The video for “Suddenly” was directed by Collins and former art school crony Samuel Shea (the man behind the mesmerizing melting laptop effect). Between panoramic desert shots Natalie Mering sings to the camera, strutting down a dirt trail, beautifully evoking eerie Mulholland Drive mythos (though it was shot in Elysian Park). The video’s striking minimalism reflects its music: pragmatic, natural, effortless.

“I love directness in artmaking… it creates a naked idea. If you listen to the album, there are no effects on the vocals. I wanted to keep it dry. I’m proud of the lyrics that Ariel and I worked on, and I wanted to make sure they were heard.”

The lyrics reflect his own present life (another negation of the purely retro). “The Real World” was written during the first time he ever took acid by himself, during a 24-hour period, “and it was the best decision I ever made. The fact that you’re alone going through this experience, you’re really talking to yourself, and that’s beautiful. That’s the real world. And that has nothing to do with drugs. Even though the experience of the acid was great (honestly, it was from the Silk Road and some of the best I’ve ever done), it didn’t hold a candle to what was happening within myself… I immediately wanted to record a song.”

He walked me through some of the lyrics, breaking them down like a Genius.com entry.

Every day I would wake up and fill my dreaming cup

“Every day we go through our struggles, getting filled up with our emotional gunk, and then we expunge it in our dreams. Also talking about the fact I was depressed.”

I knew I couldn’t hide from what the others were singing

“Others around me who were simply choosing happiness.”

Everywhere I look there’s more reason to be feeling free/ But still I have to keep myself from leaving

“When you’re an artist, you’re also an escapist, so get real with yourself every once in a while. What are you feeling?
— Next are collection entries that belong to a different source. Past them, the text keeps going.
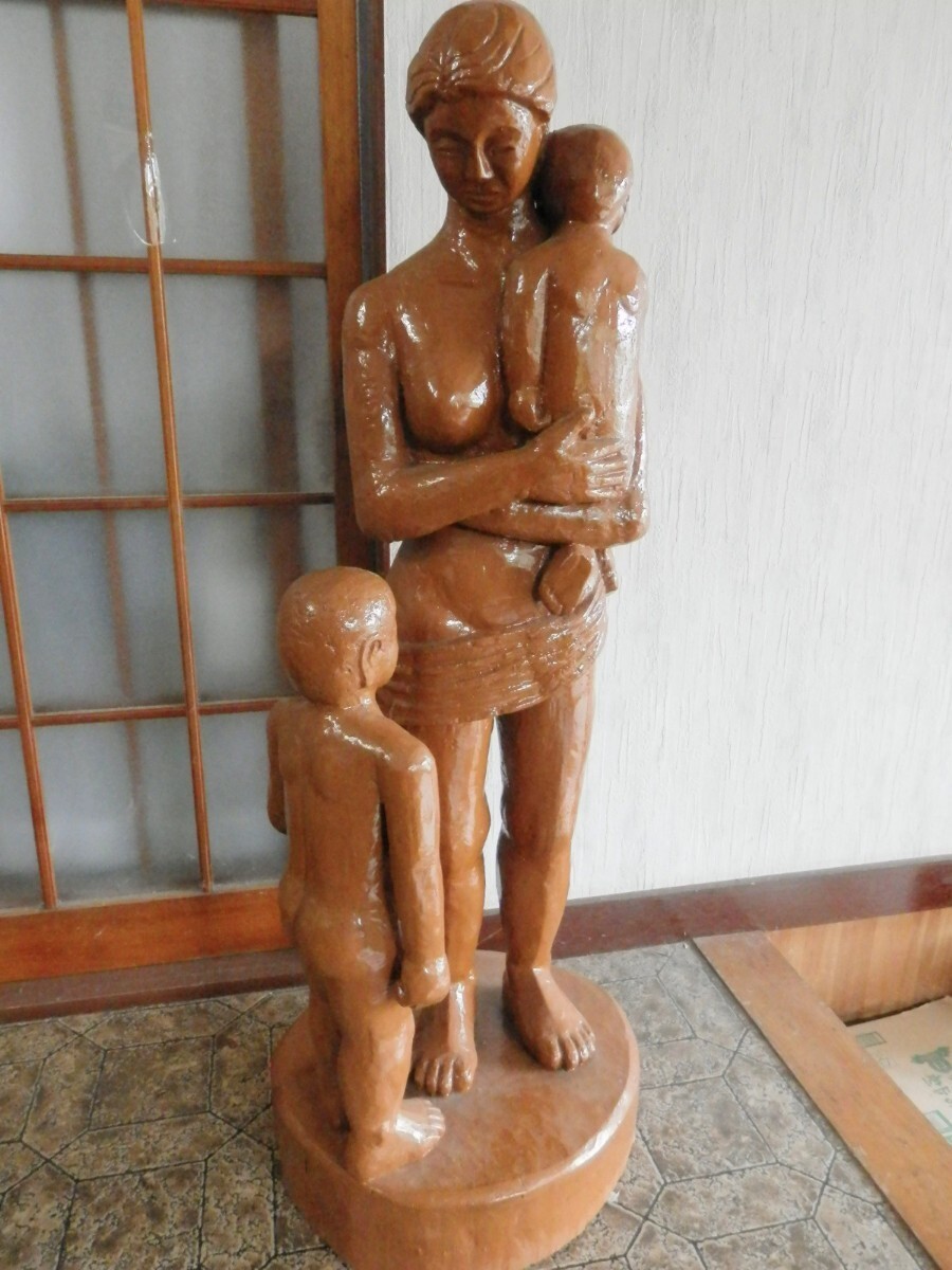 > 木彫 細密彫刻 仏教美術 木造 細密木彫 人物彫刻 親子女性像(110cm)平和の像 木製 彫刻 美術品 オブジェ 置物 県展受賞作家|107723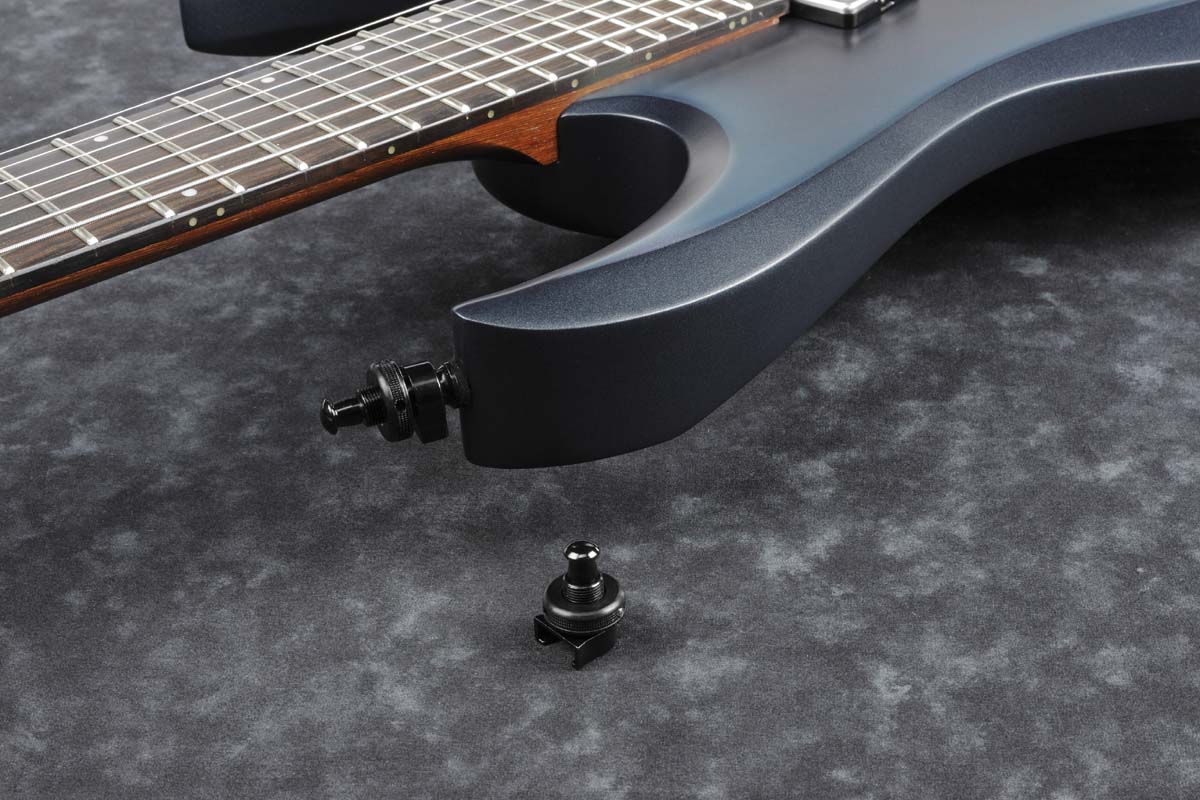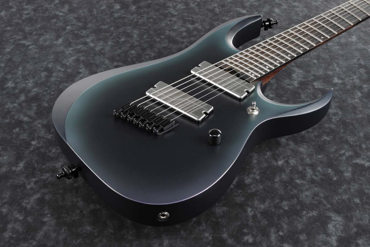 The RGD71ALMS’s 27”/25.5” multi scale provides an individual string tension to create a more “open” or “alive” tone that not only expands harmonic complexity, but also offers a more comfortable playing experience. Designed for playability, the slanted frets are matched with the player’s hand angles to facilitate quick playing. Extra-deep cutaways grant comfortable access to the neck’s highest notes. The Macassar Ebony fretboard provides a tight low end with quick response and the extremely rigid, super-thin and ultra-playable Nitro Wizard 5-piece Panga Panga/Walnut neck substantially increases sustain. The Sub Zero treated frets can stand up against the hardest riffing and string-bending. The luminescent side dot inlays make it easy for players to perform on dark stages and match the dazzling luminescent Ibanez headstock logo. The Fishman Fluence Modern Humbucker pickups provide an aggressive tone and a powerful attack without excess noise. The Voicing switch allows the pickups to have a modern, active high output sound or a crisp, clean and fluid sound. Designed for both stability and sustain, the innovative Ibanez Mono-Rail bridge minimizes cross-talk between strings and facilitates flawless intonation. Gotoh® locking tuners provide tuning accuracy and allow for quick, efficient string changing and the Schaller S-Lock strap lock pins hold a strap securely but make it easy to put the strap on and take off quickly.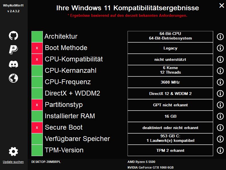 mein PC ist anscheinend nicht Windows 11 ready wegen Secure Boot - folgende Fehlermeldung: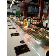 板厚度为1.2mm,内部采用白色防摩尼龙垫条,旋转吧台,寿司料理,旋转火锅,自助火锅餐厅。下架采30mm*30mm*1.5的碳钢方管焊接而成,表面经过防锈处理,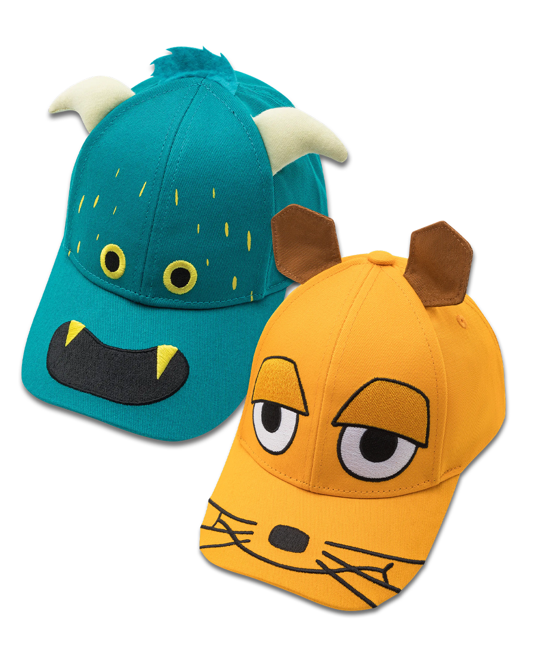 Zwei, die Laune machen – Die Maus & Mampf Maskottchen Kappe im fröhlichen Duo.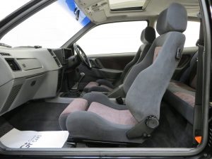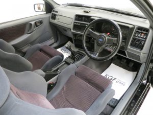 Presented in above average condition, this RS500 Cosworth has remained true to Fords vision finished optional Ford Black (code A6). The paintwork boasts a polished, uniform finish but it is not all factory original. All exterior trim, rubbers and glass are in good order and the imperative RS500 badges and decals are present. A small crack to the plastic front window vent and o/s front indicator lens is visible. The front lower splitter has remained true to shape and the original grilles in place of the fog lamps remain correct to the RS500 build specification. The ‘Go Perrys’ Ford number plates are still fitted front and rear. The ultimate 1980’s performance touring car, very special.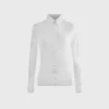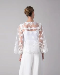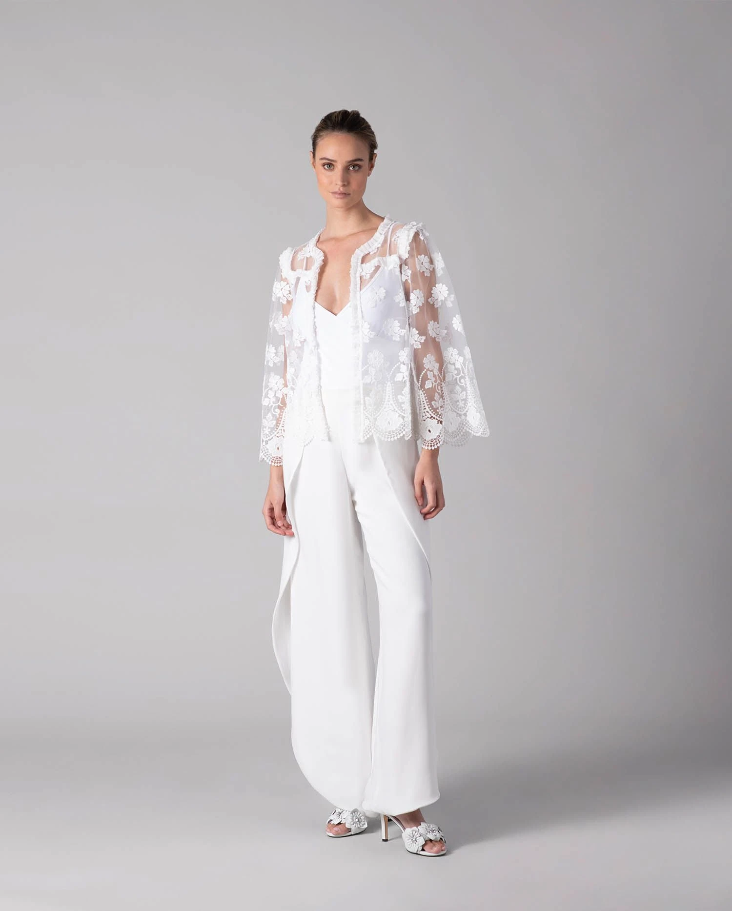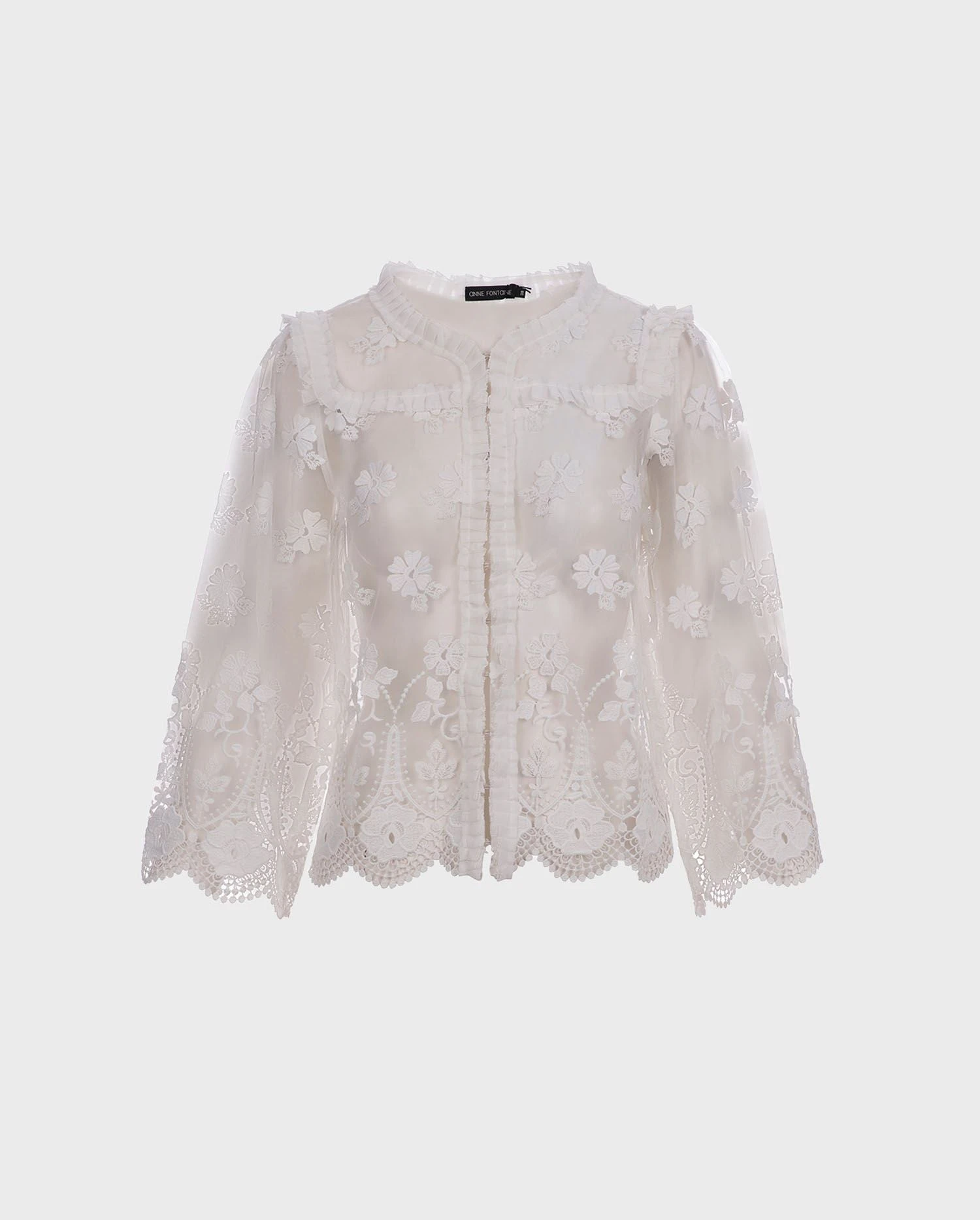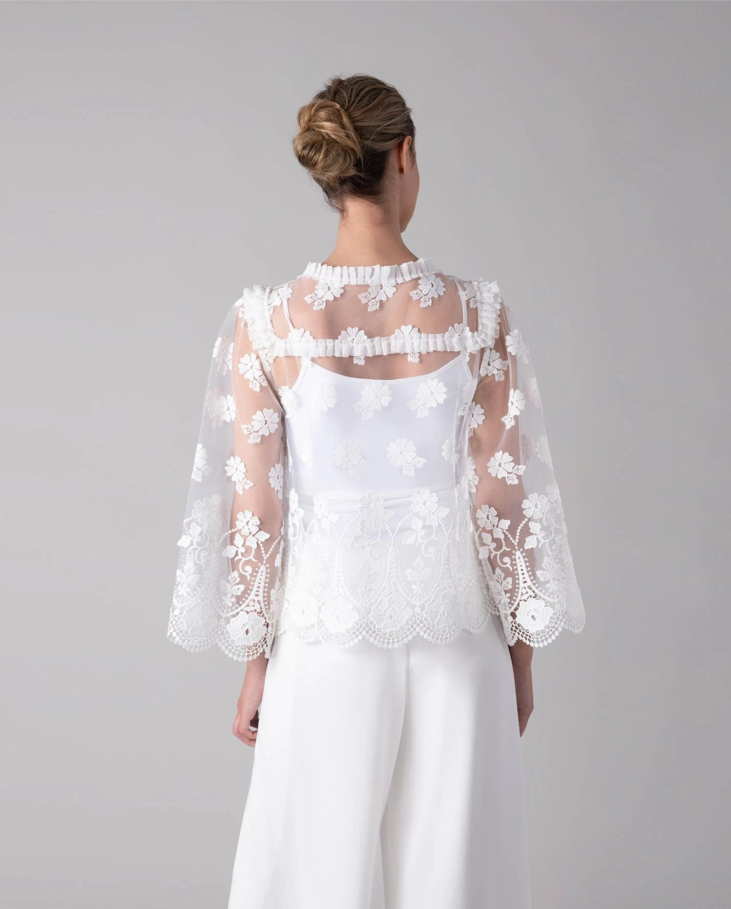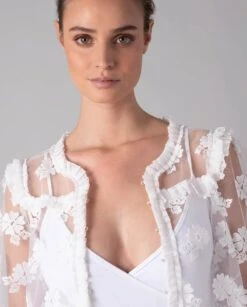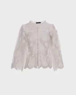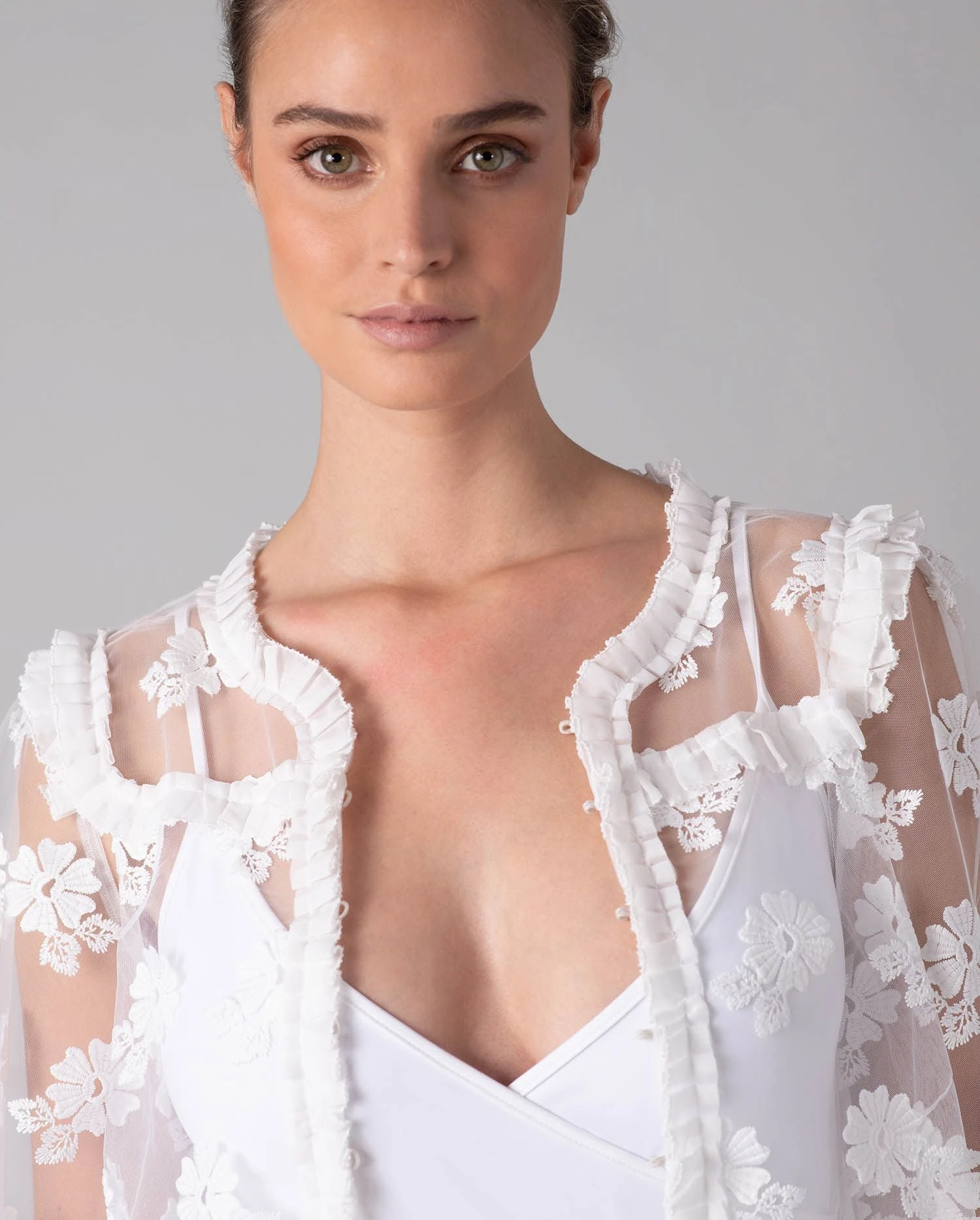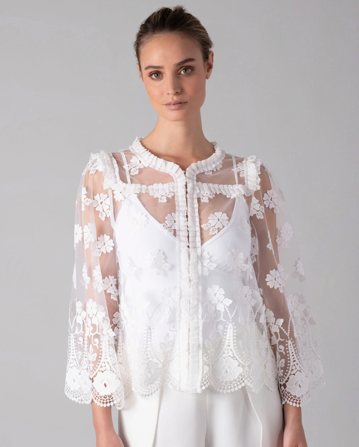 The PARVATI is a white tulle shirt embellished with a delicate white floral embroidery and scalloped edge at the bottom of the garment. The neckline, shoulders, back and front tab are trimmed with a decorative ribbon. This unique style features a hidden hook and eye closure and is cut for a slightly loose fit. The delicate embroidery and detailed artwork in this piece showcase the craftsmanship of La Maison ANNE FONTAINE.
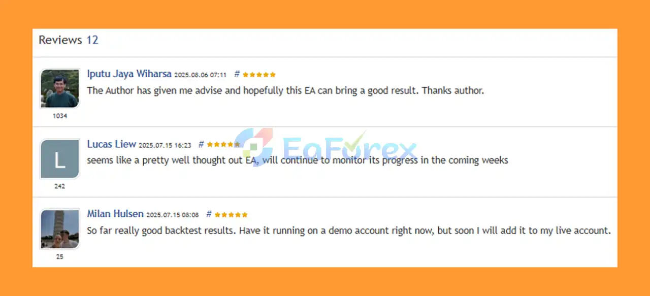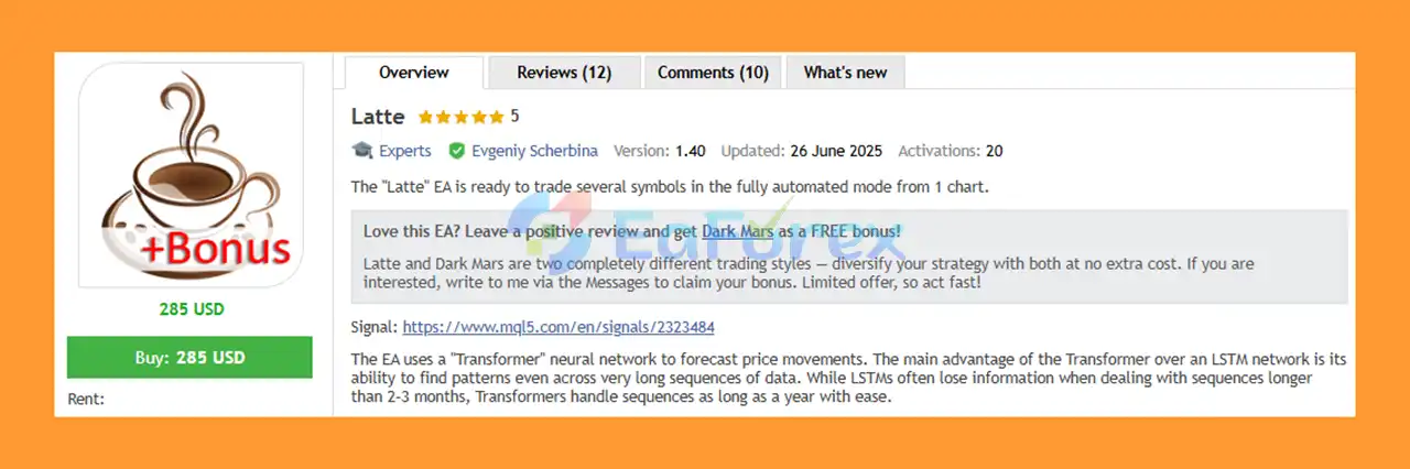 🔺Latte EA MT5 is highly appreciated by the MQL5 community for bringing stable and reliable profits. Below are 5 star reviews from users:

Forget this infatuation, forget this issue with your work, forget this drug that’s trying to make this table look like it’s wiggling…you haven’t been happy.”

Please don’t ever turn your face from the real world, such a psychedelic place, the real world

“That was me actually deciding to leave my depression that I was going through behind. I’m in California now. This place is beautiful. I’m going to stay here for a while. You might as well enjoy it. This trip is great—but what’s to come will be even better.”